Generaly:
Given a set of n data points x1...xn, y1...yn, with corresponding z1...zn and degree p, find a polynomial of degree p that fits the data with a minimal error in the least squares sense.
In my case, I need to find a polynomial of 3rd and 4th degree. I've started to do it just like in the article: Interpolation of 3D Surfaces for Contact Modeling page 10-11, formulas (2.7 - 2.9).
But I'm stack on the formula (2.7) and my question is: what will be the correct representation of this formula in reference to 3rd and 4th degree? My first idea (for 3rd degree) was:
$z = a_1 + a_2x + a_3y + a_4xy + a_5x^2y + a_6xy^2 + a_7x^2y^2 + a_8x^3y^2 + a_9x^2y^3 + a_{10} x^3y^3 $
But it doesn't fit with with general formula (2.7), where at the end is:
$ ... +a_{(2p+2)}x^py^p $
So, for $ p = 3 $ it should ended with $ ... + a_8x^3y^3 $,
and for $ p = 4 $ it should be ended with $ ... + a_{10}x^4y^4 $
In my further work I will be using a Vandermonde Matrix to calculate it in my own application, so Matlab solutions is not helpful here.

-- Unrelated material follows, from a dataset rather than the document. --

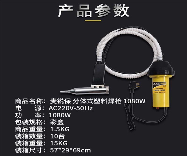 麥銳保1080W分體式塑料焊槍參數(shù)
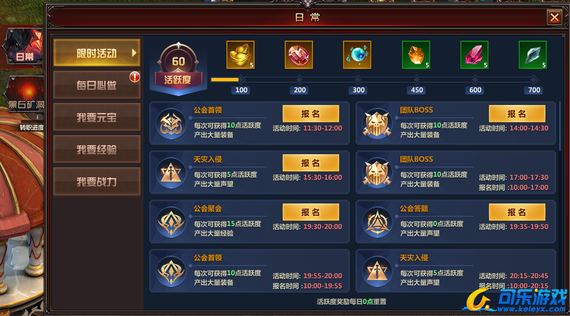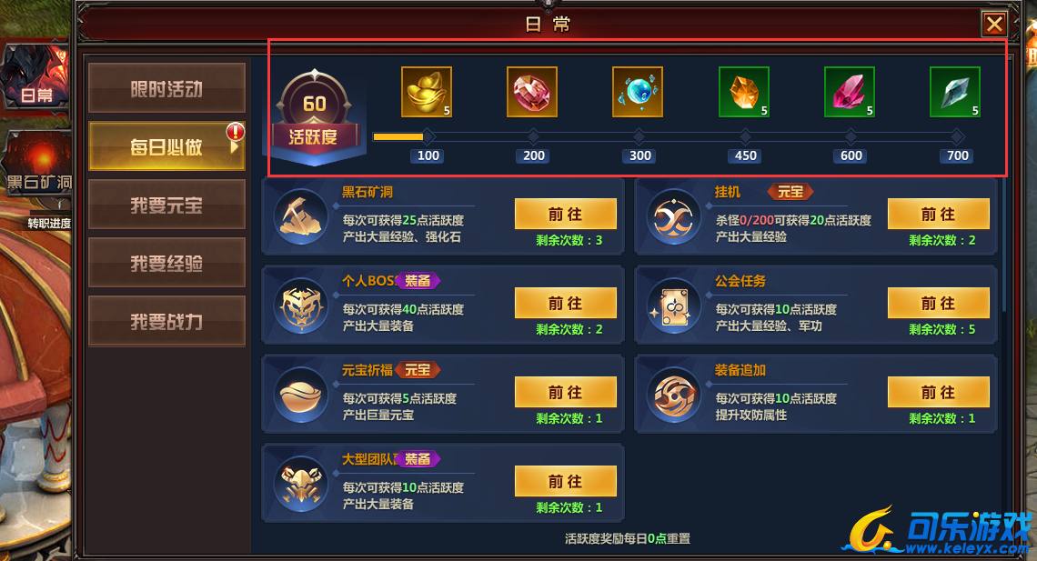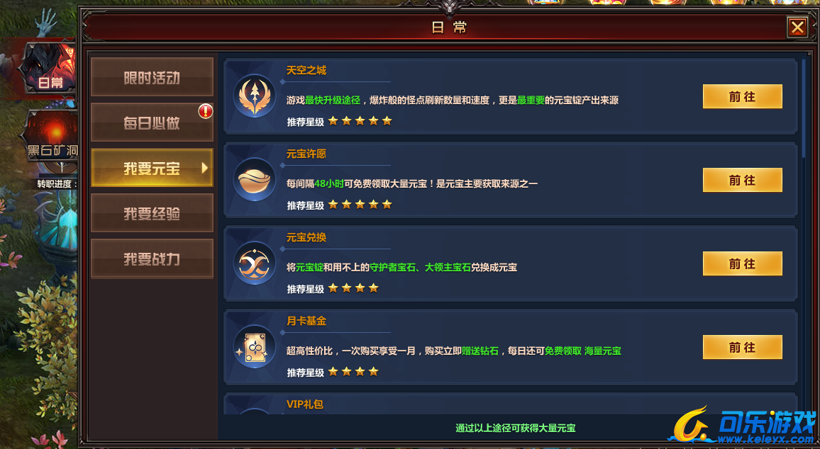 主要有:限时活动、每日必做、我要元宝、我要经验、我要战力、黑石矿洞

Okay, for those it may concern - the resolution of my question is:
When $ p = 3 $, the matrix for i-th row is:
$$ \begin{matrix} 1 & x_i & y_i & x_{i}^2 & x_iy_i & y_{i}^2 & x_{i}^3 & x_{i}^2y_i & x_iy_i^2 & y_i^3 \\ \end{matrix} $$
the formula is:
$ z=a_1+a_2x+a_3y+a_4x^2+a_5xy+a_6y^2+a_7x^3+a_8x^2y+a_9xy^2+a_{10}y^3 $
And for $ p = 4 $, the matrix for i-th row is:
$$ \begin{matrix} 1 & x_i & y_i & x_{i}^2 & x_iy_i & y_{i}^2 & x_{i}^3 & x_{i}^2y_i & x_iy_i^2 & y_i^3 & x_i^4 & x_i^3y_i & x_iy_i^3 & y_i^4 \\ \end{matrix} $$
the formula is:
$ z=a_1+a_2x+a_3y+a_4x^2+a_5xy+a_6y^2+a_7x^3+a_8x^2y+a_9xy^2+a_{10}y^3+a_{11}x^4+a_{12}x^3y+a_{13}x^2y^2+a_{14}xy^3+a_{15}y^4 $
I hope that this will be helpful for somebody in the future.